There’s a U.S. Supreme Court case that might soon undo one of the most basic rules-of-the-road about how our federal government works. If it does, all kinds of government regulations would be much easier for courts to overturn.

Eric Greenberg, contributor
Eric Greenberg, contributor

There’s a U.S. Supreme Court case that might soon undo one of the most basic rules-of-the-road about how our federal government works. If it does, all kinds of government regulations would be much easier for courts to overturn. And if that happens, unpredictability will be the new rule-of-the road for your business and life.

Although the past year brought many consequential Supreme Court decisions, this one, likely to emerge next year, could have perhaps the biggest effects on packagers of any decision in decades.

The case is called Loper Bright Enterprises v. Raimondo, and you can examine it for its specific details or its general themes. Specifically, it involves a challenge to regulations made by the Biden administration’s National Marine Fisheries Service that require fishing boats to pay for onboard monitors to make sure they don’t over-fish. The challengers said the law told the agency to require monitors, but didn’t say the agency could require the fishing boats to pay for them.

However, its more interesting general theme is this: The case also raises the question of whether the courts should continue to follow the doctrine from the 1984 “Chevron” case. That case, which involved EPA air pollution rules, established the concept that when courts review agency rules or other actions that involve interpretation of a law, and that law is silent on a topic or ambiguous in some way, the court will only check to make sure the agency’s interpretation was “reasonable.” If the agency’s interpretation was reasonable—that is, not nutty or clearly beyond the scope of Congress’s instructions—it would be upheld. In a word, the Chevron case says the court should “defer” to agency interpretations unless they’re not reasonable. (And by the way, if the law Congress made was clear, the court would simply check to see if the agency did what Congress instructed.)
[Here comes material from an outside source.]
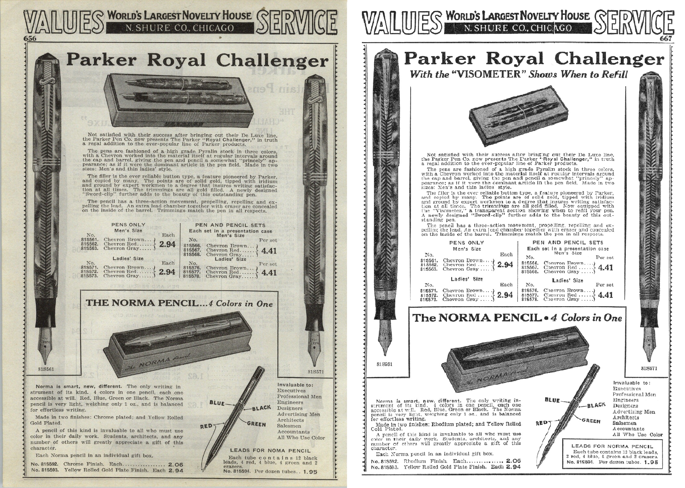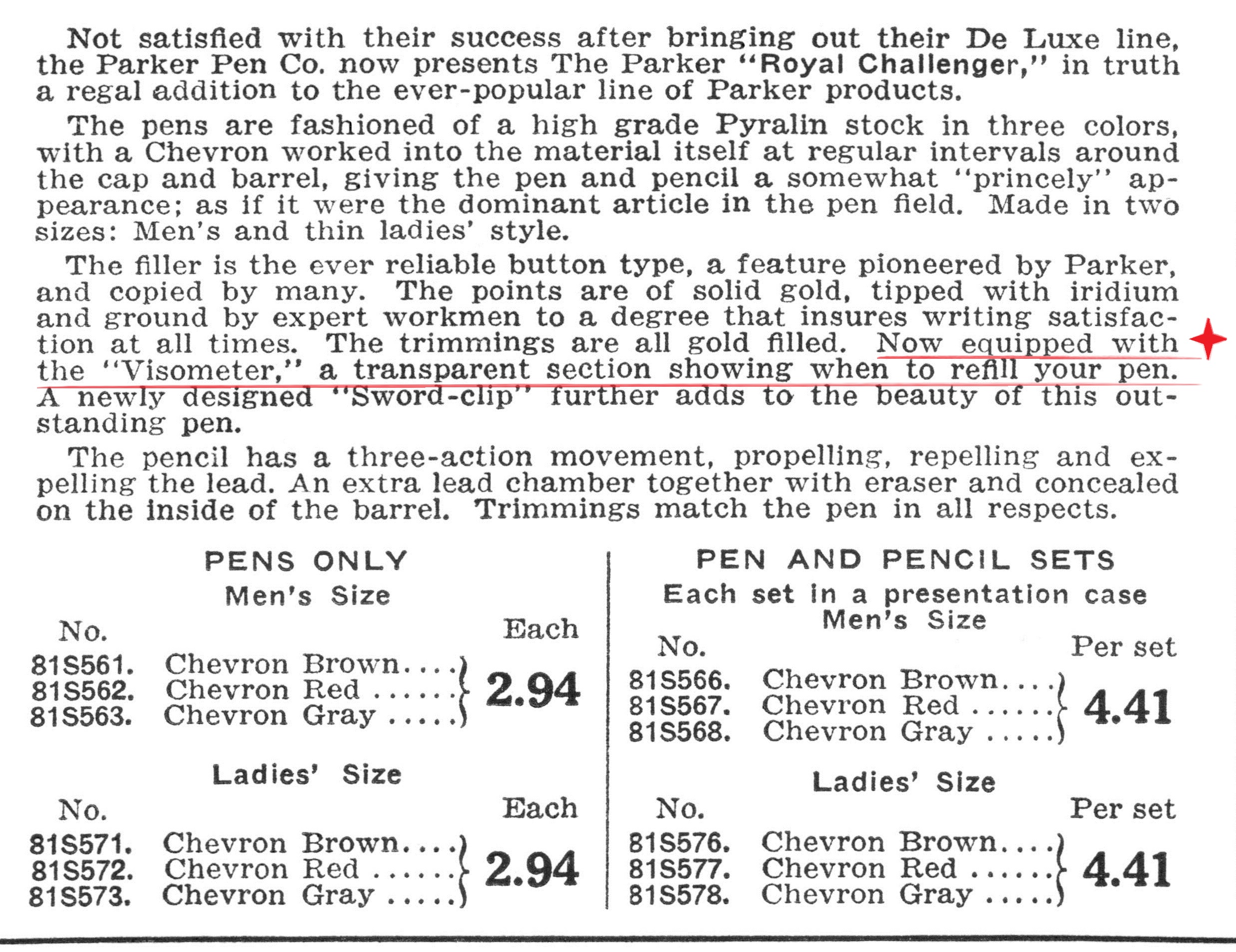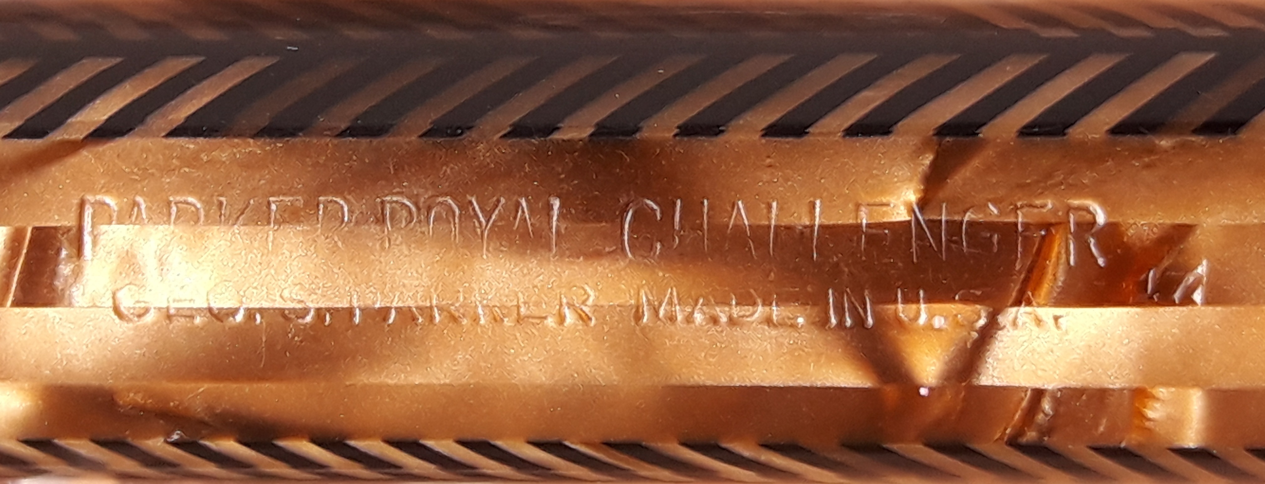 Proposta in tre colori e in due sole misure (Standard, cioè grande, e Slender, piccola) che venivano vendute al medesimo prezzo, la Royal Challenger è stilisticamente un derivato della Vacumatic dell’anno precedente, e potremmo sinteticamente definirla una Vacumatic non trasparente dotata di un tradizionale caricamento a pulsante di fondo; rispetto alle innovazioni del 1937 la Royal Challenger non condivideva solo la decorazione del cappuccio e l’ultimo tocco streamlined della linea top di gamma, ma era di fatto lunga (e larga) come la Vacumatic Maxima (mm.135) e veniva superata solo dalla oversize Senior Maxima (mm.139), che costavano esattamente il doppio ($10), mentre con i $5 richiesti per entrambe le misure eguagliava il prezzo delle Vacumatic non anellate che montavano un pennino semplice.

What a judge should not do, according to the Chevron case, is substitute the judge’s own judgment for that of the agency about what should be the right interpretation of a law.

By telling courts to defer to an agency interpretation unless the interpretation is unreasonable, the Chevron doctrine meant courts almost always upheld regulations when they were challenged in court for being wrong-headed or unconstitutional in some way. Many judges and other observers say that a big reason to defer to agencies is that those agency folks have the subject matter expertise you’d want them to have if they’re going to make rules on a particular topic. Regulatory agencies have people in them, ideally, with training and education and experience that makes them appropriate folks to decide how to limit air or water pollution, or decide whether a new drug is safe and effective enough to go to market, or choose where to build an interstate highway, or where to store nuclear waste, or how to prevent over-fishing of the oceans, and so on.

The Chevron case has been cited by 19,000 other cases, according to the San Francisco Chronicle, and more importantly, it’s been a fixture in legal doctrine for almost 40 years, relied on by industry and regulatory officials alike.